This Youth Day, we focus on ER24’s outreach counselling programmes at previously disadvantaged schools around South Africa.


Former president Nelson Mandela once said: “Our children are the rock on which our future will be built, our greatest asset as a nation. They will be the leaders of our country, the creators of our national wealth who care for and protect our people.”

ER24 agrees with this idea and believes that empowering and safeguarding our young people is essential for creating a better future for everyone. In line with this, ER24 provides weekly counselling sessions to underprivileged students at Chris Hani Secondary School in Khayelitsha (Cape Town), Haythorne Secondary School in Pietermaritzburg, and Sandfields Primary in eThekwini (Kwa-Zulu Natal). The intention is to expand these services to Olievenhoutbosch Secondary School in Diepsloot (Gauteng). Given that many of these learners are exposed to drugs and risky behaviour, ER24 also conducts drug programmes, rehabilitation sessions, and offers pregnancy tests.

“Some of the trauma cases we deal with are high impact, including rape, murder, armed assaults, drug abuse, bullying and gender-based violence,” says Adriaan Grobler, National Trauma Co-ordinator for ER24. “We also deal with neglect, abuse, natural disaster, violence, accidents, life-threatening illnesses in the family, gang-related experiences, and other social issues.
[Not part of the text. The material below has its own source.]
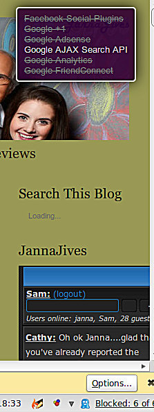 Ghostery says it is blocking "Google AJAX Search API" but it shows up in white letters (as if not blocking).

We aim to offer a safe space and focus on helping emotionally injured youngsters back into mainstream society.”

ER24 counsellors also assist the surrounding communities. “We involve parents, teachers and social workers where possible and show them how to provide the necessary support to traumatised children,” Grobler adds.

Alan Neilson is the ER24 trauma counsellor at Haythorne Secondary School and Sandfields Primary. “Often these learners just need someone to talk to,” he says. “Many come from challenging social backgrounds and don’t have good role models, so we give them a safe space to express themselves. We’re realistic about what we can do as counsellors – we know we can’t change everyone’s circumstances, but we can offer support if they want to change their attitudes and behaviour.”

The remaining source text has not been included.